Muscle memory/autoimmune diseases/neuro-plasticity: This video seemed to give you guys a lot of
ideas for other videos. These are all super interesting topics that there’s no way I
could do them justice right now, but I love suggestions like these so keep them coming. Water use (Feynstein 100): Had an interesting
comment about how much agriculture really can be scaled up in order to feed more people.
The truth is, no one really knows for sure, because we don’t know what will be possible
with tomorrow’s technology or in tomorrow’s climate. But what’s certain is we’ll have
to feed that population differently than we do now. According to the World Bank, 70% (!!!) of
freshwater that we use on Earth goes to agriculture, already! So while there is some land like
deserts where we’re not growing stuff already, we don’t have extra freshwater to make that
into farmland.
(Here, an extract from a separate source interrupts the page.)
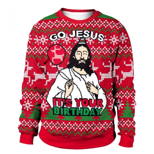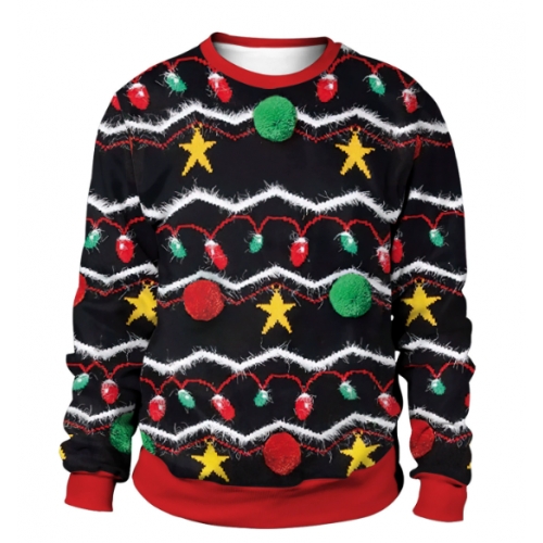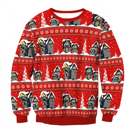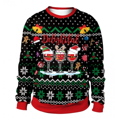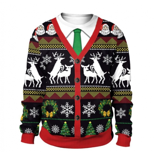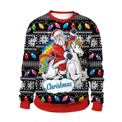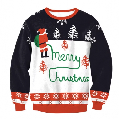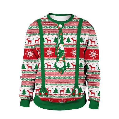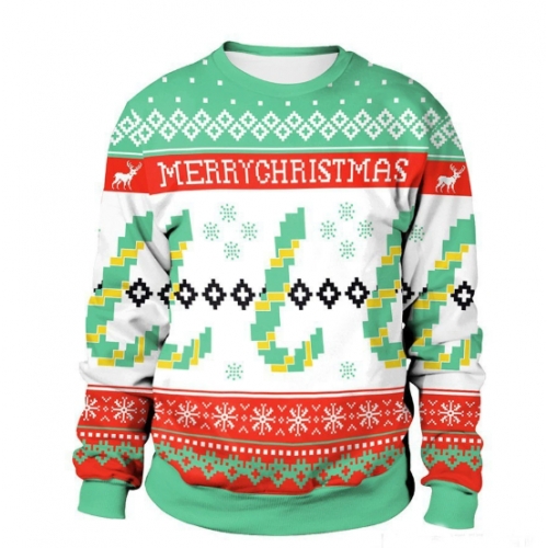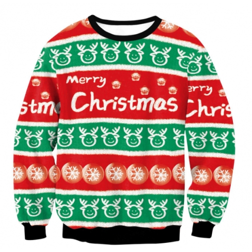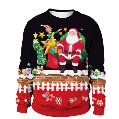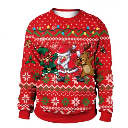 New 3D printed crew neck sweatshirt, unisex, cross-border style, Christmas couple outfit.

Gonna have to be a lot more careful with what we plant where, to make
best use of water, and even consider developing crops that use less water, which is a whole
GMO question that we should probably talk about one of these days.
Burden of old age (Wan Ahmad Firas): This is another really interesting side of the
story that we didn’t talk about. Birth rates actually slowing in most of the world, and
most of Earth’s population growth is from people just living longer and not dying as
much as they used to, rather than rapid growth in the number of people being born. So as
science continues to fight aging or even gets close to beating it, we might have a whole
new population question to deal with. Finally: Moon cheese (Ira Iguanadon): Now,
the moon is NOT made of cheese, it is actually made of rock, and covered in several inches
of dust particles that haven’t been smoothed out by wind and erosion like dust here on
Earth, sharp as glass, and which would definitely kill you if you ate it. But if it WAS made
of cheese… well, the moon is roughly 22 million–million-million (22e18) cubic meters
in volume, which is the volume of roughly 720 million-million-million wheels of Parmigiano-Reggiano.
If all 7.6 bn people on Earth ate 27 kg of cheese every year, as much as your average
French person, then it would take approximately 133 billion years for us to eat that cheesy
moon. So, that’s around two million, yeah? Great!
These were all wonderful comments and questions, and we appreciate all your support and curiosity.
There’s a ton I didn’t have time to answer, but you can always find me out there on the
internet. Thanks and remember… Stay curious.